Mon travail de maîtrise vise à classifier de manière significative différents phénotypes de la levure Saccaromyces cerevisiae via l’analyse de plusieurs critères morphologiques de souches exprimant des GTPases mutées et natives. Notre approche à base de microscopie et d’analyses bioinformatique des images DIC (microscopie d’interférence différentielle de contraste) permet de distinguer les phénotypes propres aux cellules natives et aux mutants. L’emploi de cette méthode a permis une détection automatisée et une caractérisation des phénotypes mutants associés à la sur-expression de GTPases constitutivement actives. Les mutants de GTPases constitutivement actifs Cdc42 Q61L, Rho5 Q91H, Ras1 Q68L et Rsr1 G12V ont été analysés avec succès.
En effet, l’implémentation de différents algorithmes de partitionnement, permet d’analyser des données qui combinent les mesures morphologiques de population native et mutantes. Nos résultats démontrent que l’algorithme Fuzzy C-Means performe un partitionnement efficace des cellules natives ou mutantes, où les différents types de cellules sont classifiés en fonction de plusieurs facteurs de formes cellulaires obtenus à partir des images DIC. Cette analyse démontre que les mutations Cdc42 Q61L, Rho5 Q91H, Ras1 Q68L et Rsr1 G12V induisent respectivement des phénotypes amorphe, allongé, rond et large qui sont représentés par des vecteurs de facteurs de forme distincts. Ces distinctions sont observées avec différentes proportions (morphologie mutante / morphologie native) dans les populations de mutants.
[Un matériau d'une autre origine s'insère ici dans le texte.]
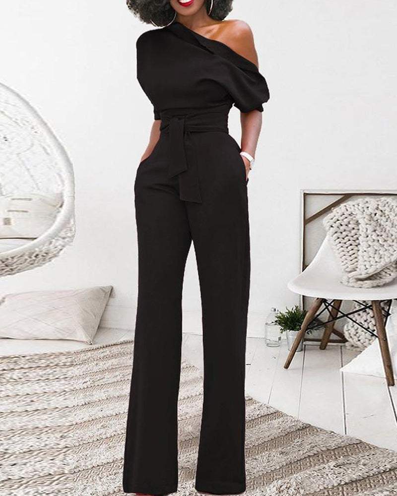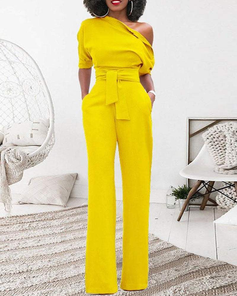 Stay on trend this season in our new stylish. oblique collar jumpsuit. We especially love the solid color fabric and think this piece will be a new favorite in your closet!

Le développement de nouvelles méthodes automatisées d’analyse morphologique des cellules natives et mutantes s’avère extrêmement utile pour l’étude de la famille des GTPases ainsi que des résidus spécifiques qui dictent leurs fonctions et réseau d’interaction. Nous pouvons maintenant envisager de produire des mutants de GTPases qui inversent leur fonction en ciblant des résidus divergents. La substitution fonctionnelle est ensuite détectée au niveau morphologique grâce à notre nouvelle stratégie quantitative. Ce type d’analyse peut également être transposé à d’autres familles de protéines et contribuer de manière significative au domaine de la biologie évolutive. / Evolution is a gradual process that gives rise to changes in the form of mutations that are reflected at the protein level. We propose that evolution of new pathways occurs by switching binding partners, hence creating new functions. The different functions encountered in a given family of related proteins have emerged from a common ancestor that has been duplicated and mutated to become implicated in new interactions and to gain new functions. In this study, we will use native and constitutive active mutant variants of the Ras-like family of small GTPases as working model, to explore such gene duplications, followed by neo / sub-functionalization. The reason for choosing this family resides in the fact that it is a defined set of proteins with well known functions that are mediated through multiple protein-protein interactions.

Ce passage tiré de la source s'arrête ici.